There's another, kind of obvious reason I'm not created a local non-profit to help others: I probably wouldn't be too good at it.
I've written before about accepting I can never be some people I admire the most, like a fictional attorney I have a major mancrush on. I can also accept there's many things I'm not good at: playing organized sports, using Charger weapons in Splatoon 2, or removing a paper trail when trying to secretly dump something in the ocean. The biggest lessons I've learned from all these failures are:
- Storage garages are a great backup place to store undesirable things as long as they're room temperature and filled with plenty of sponges and silly putty for...safety reasons.
- I should accept who I am and make use of my own strengths. I may not reach my ideals, but I'll find a way to do something.

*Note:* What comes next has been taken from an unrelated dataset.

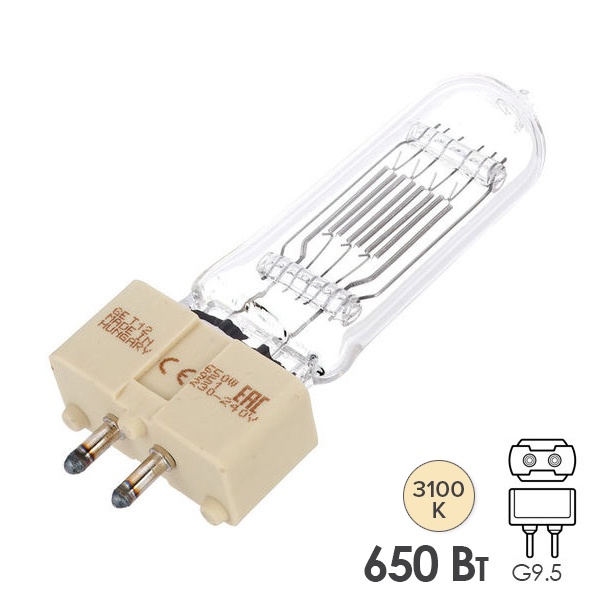 Галогенная театрально-студийная лампа Тунгсрам для освещения сцен, мощностью 650 Ватт, с цоколем G9.5 93106485
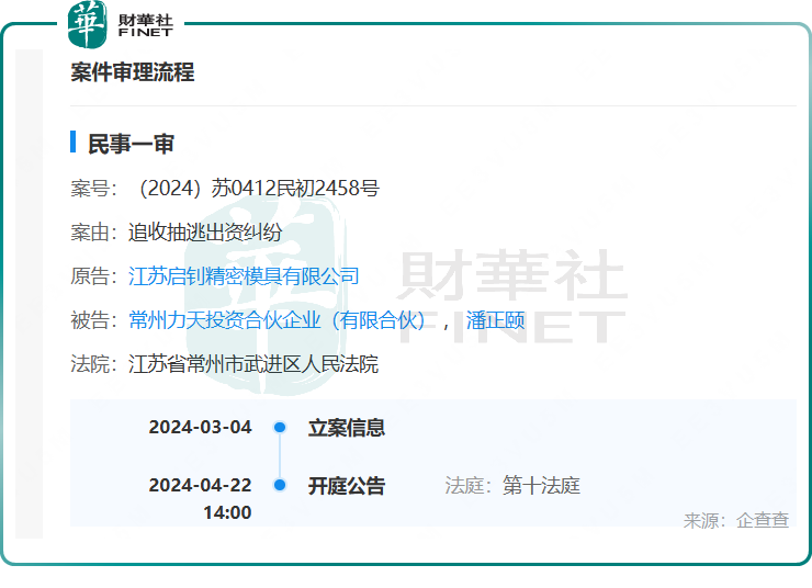 更令人側目的是,微億智造的法定代表人、執行董事兼COO潘正頤,在2024年3月因「追收抽逃出資糾紛」被江蘇啟釗精密模具有限公司(已註銷)告上法庭,另一個被告則是常州力天投資合夥企業(有限合夥)。而常州力天與潘正頤正是原告當時僅有的兩大股東,持股比例分別為60%和40%。

The second lesson applies here almost perfectly. I probably don't have the skills to do all the good I'd pressure myself to in a non-profit area, since my business management and networking is mediocre at best. But I can find ways to use my (supposed) skills in writing, programming, and text-editor shortcuts to help others. It's part of why I've focused more on web accessibility, since it's all about helping others while in the field I love.
It's important to do what I can. Especially because there are always people out there, perhaps more than I'd expect, that can't do it.
When all else fails, sometimes I think it's enough to be a positive presence around others. We can't always be working towards some larger, or sometimes any goal at all. So finding any way to make those around us feel even a bit happier may be enough. This can take many forms, like:
- Being funny. Almost everyone likes jokes! If they don't, grab your nail gun and get to higher ground.
- Valuing others' work and skills.
- Complimenting something you've noticed about someone.
- Pass on knowledge to those who need it, as is often the case with coders trying to give back.
- If they look upset, asking if there's something you could do to help. Even if it's just listening to what's on their mind.
- Hack into their computers to see whose bothering them, and mail said people constant glitter bombs.
- Writing a blog post that cheers people up or inspires them, if only for a moment.
Sometimes this is all I can do, but it's always the bare minimum of what I can do to help others. The whole point of living selflessly is making others feel better, and we all get small chances to do so in our everyday interactions with others.
So I'm once again asking myself: as a coder and a writer, what good can something like a blog post do for the world?
Obviously I need to accept I'll never do as much good as people who devote their lives to their communities helping the homeless. But that doesn't mean I can't do anything at all. I can still channel my strengths into other ways to help people, which are smaller but still do good. I need to savor the small victories, and whatever ripple effects they have, that much more.
I can make web applications more accessible. I can write posts to inspire, comfort, and even amuse others. I can make people feel a bit happier or more relaxed when they see me around (still working on this one). I can unleash the power of my fifth chakra and demolish an entire warehouse, but choose not to for insurance reasons. My point is there's always something a person can do, big or small, to give back. As long as they're caring and willing to try, I believe they can find a way.
Maybe I'll never do as much good as this coworker. I can still do as much good as I myself can. Because once I believe I can make any kind of difference, I actually start to.